Энди стал их описывать, и голос у него дрожал. Тед терпеливо слушал его, не перебивая, но в глубине души твердо знал, что в жизни такого не бывает. Знать-то знал, но предательский холодок страха несколько раз пробежал по его спине. Тем более нельзя все так оставлять. Несмотря на протесты Энди, он пошел в туннель. И ничего там не обнаружил, не то что чудищ, описанных Энди. Он даже завернул за угол и прошел еще несколько метров вглубь. Ничего. Фонарик освещал пустоту.
Тед вернулся обратно.
Энди ждал его, оставаясь в пятне света от рабочих ламп и с опаской всматриваясь в темноту. Лицо его было таким же бледным.
— Абсолютно ничего.
— Они были там минуту назад.
Тед молча выключил фонарик, снова прикрепил его к поясу и, засунув руки в отороченные мехом карманы, сказал:
— Сегодня ты в первый раз работаешь под землей.
— Ну и что?
— Раньше ты этого не делал?
— Ты имеешь в виду, спускался ли я в канализацию?
— Это не канализация, это дренажная система. Так бывал ты раньше под землей?
— Нет. А какое отношение это имеет к происходящему?
— У тебя не бывало так, что в переполненном кинотеатре ты вдруг чувствовал себя... запертым, одиноким?
— Я не страдаю клаустрофобией, — резко среагировал Энди.
— А тут нечего стесняться.

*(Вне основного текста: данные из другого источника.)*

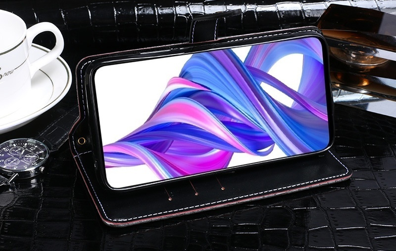 Чехол-книжка MyPads для ZTE Blade A5 (2019) с фактурной прошивкой рельефа кожи крокодила с застежкой и визитницей синий
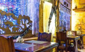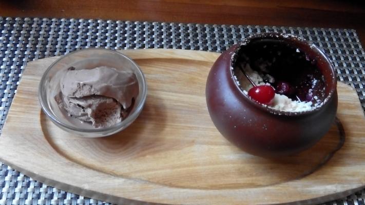 Ресторан очень внутри колоритный, интересный. На счет меню могу сказать, что принесли горячее в виде сырой курицы. Но мы люди не скандальные и отнеслись с пониманием. Девушка  официант извинилась и через некоторое время принесла дожаренное))) блюдо.   Я думаю ребята исправились и больше не допускают таких ошибок, причем нас в ресторане было всего несколько человек. Десерт был прекрасен.  Можно вернуться, но пока лучше испробуем новые места, так как можно было не допускать подобных случаев.

С моими напарниками прежде такое бывало.
Некоторые ощущают дискомфорт, оказавшись в ограниченном пространстве: в лифтах, в переполненных людьми помещениях. И это вовсе не значит, что они страдают клаустрофобией. Но, попадая на ремонтные работы под землей, многие чувствуют себя подавленными, начинают дрожать и задыхаться. Кажется, что стены движутся на тебя, слышатся какие-то загадочные звуки, чудятся видения... Если это то, что сейчас происходит с тобой, не надо волноваться, парень. Это не значит, что тебя уволят или что-то в этом роде. Уверяю, нет.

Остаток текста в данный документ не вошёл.